Masturbation was on my mind when I met Frank at the bar after dinner. Four beers later—and after much talk on various theories of sexuality, the role of autoeroticism in the development of young men and women, and the remarkable lack of self-love in serious literature—Frank paid the tab, and I led him to DeWitt Park, found a bench away from pedestrian traffic and streetlights, eased down his zipper, and pushed up my skirt. It was thrilling, like a return to junior year of high school and my first serious boyfriend, to a time of simple, electric sex, Wes Owen touching me in the backseat of his Ford Escort while I touched him. With the tips of two fingers, Frank gently rubbed my clitoris, the whereabouts of which had escaped Wes.
It was nice to be in the dark, sitting side by side, crickets chirping and lightning bugs rising and blinking, Frank’s free arm around my shoulders, his Levi’s rough against my bare right knee, my fingers atop his so we almost held hands as he brought me closer and closer and closer. Frank came first, pulsing in my fist and gasping through his teeth, and I quickly followed.
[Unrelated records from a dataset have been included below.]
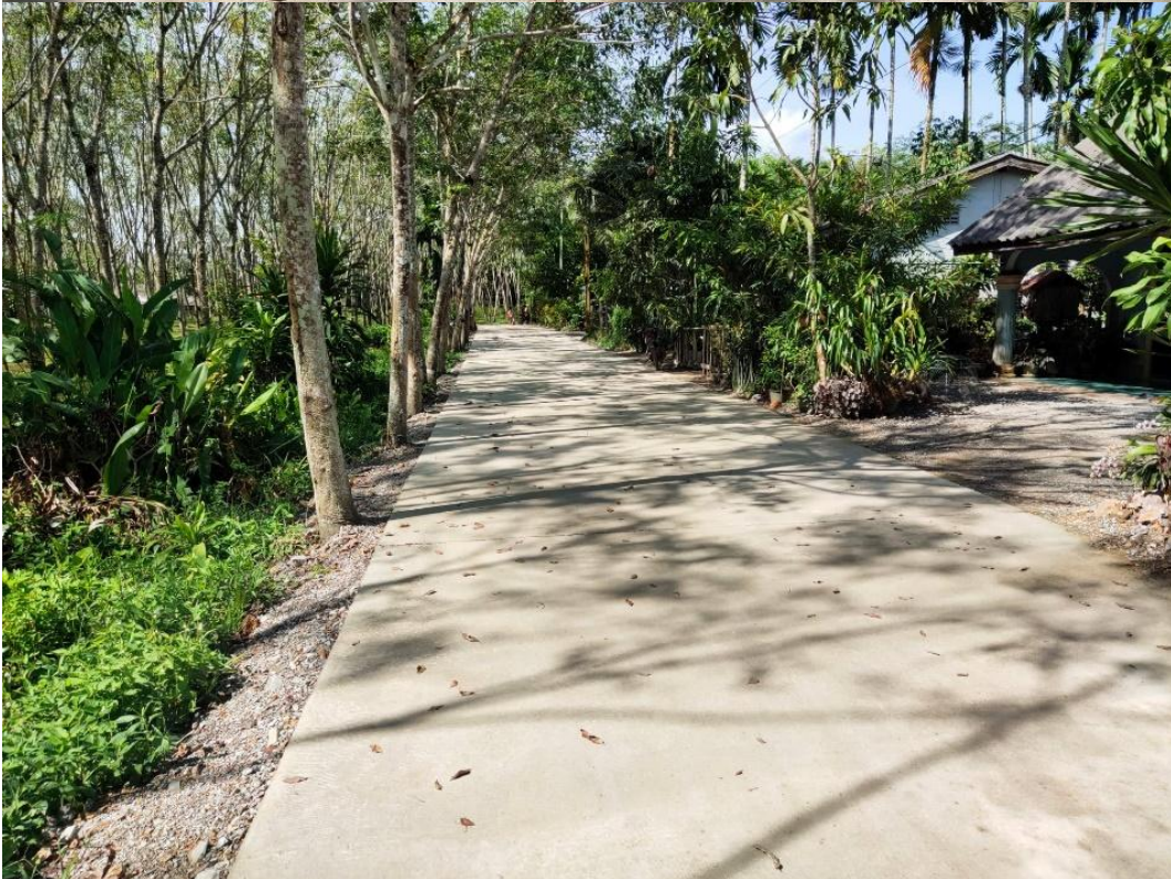
ภาพถ่ายโครงการก่อสร้างถนนคอนกรีตเสริมเหล็ก ถนนสายทางทราย หมู่ที่ 2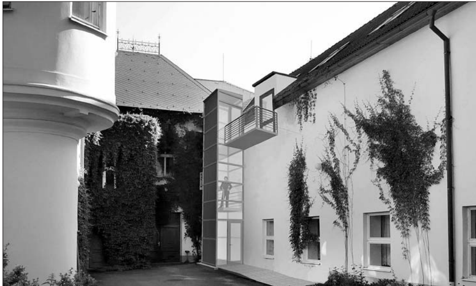
Počítačová studie k projektu výtahu muzea

V příštích letech nás čekají úpravy muzejní zahrady, které umožní výstavy, koncerty či jen příjemné posezení po prohlídce muzea pod širým nebem. B. Čuhelová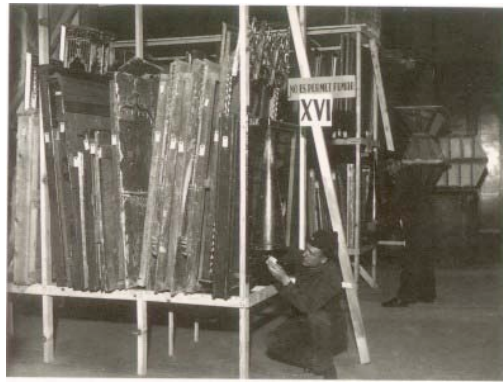
Kritik der zynischen Vernunft

Der 35 Eintrage umfassende Thesaurus Das Alte und das Neue verschrankt wiederum ikonoklastische Ubergriffe, die sich in der katalanischen Stadt Olot ereigneten, mit den Namen bzw. Werken deutschsprachiger KunstlerInnen und Intellektueller aus dem katholischen Suden, wie etwa Hugo Ball, Alfred Kubin, Gerhard Ruhm, Gustav Metzger, Peter Sloterdijk oder Thomas Bernhard. So wird zum Beispiel auf Balls Schrift Zur Kritik der deutschen Intelligenz (1919) verwiesen, in der Ball mit dem Kanon deutscher Geistesgr3en von Luther bis Hegel abrechnet und diesen durch einen eigenen Kanon ersetzt, an dessen Beginn Thomas Muntzer steht.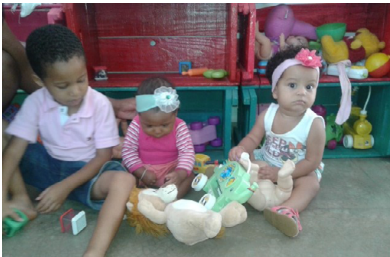
Foto 2. Crianças na ciranda 10

Algumas crianças chegam com algumas dificuldades, e com a vivência, relações e atividades, desenvolvem habilidades, aprendendo a conviver em coletivo.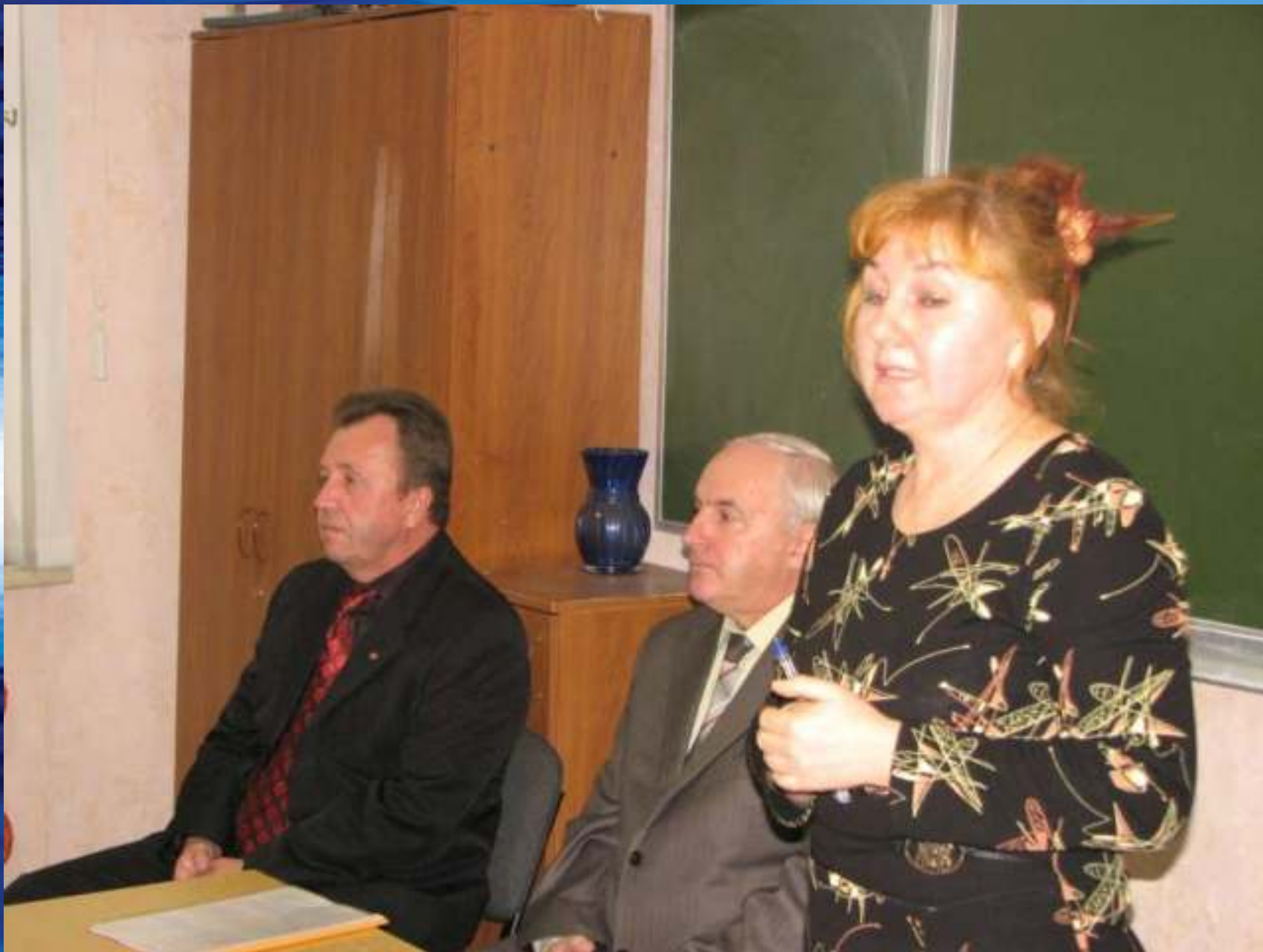
Совместное мероприятие с ДОСААФ

I left him in the park and walked home whistling, proud of myself for being too cool to demand a number, force a number upon him, suggest brunch. This was the new Hannah, Ivy League Hannah, Hannah who didn’t blink when told Oscar had two moms, Hannah who thoughtfully weighed the pros and cons of Kree’s public nudity, Hannah who listened to Helena and Mark groaning in their marital bed and idly wondered who was on top. New York Hannah, Cornell Hannah, Hannah whose Southern drawl was mysterious—no cowgirl hick from Tennessee. Hannah whistling “Every Day I Write the Book,” whistling “Please, Please, Please, Let Me Get What I Want.”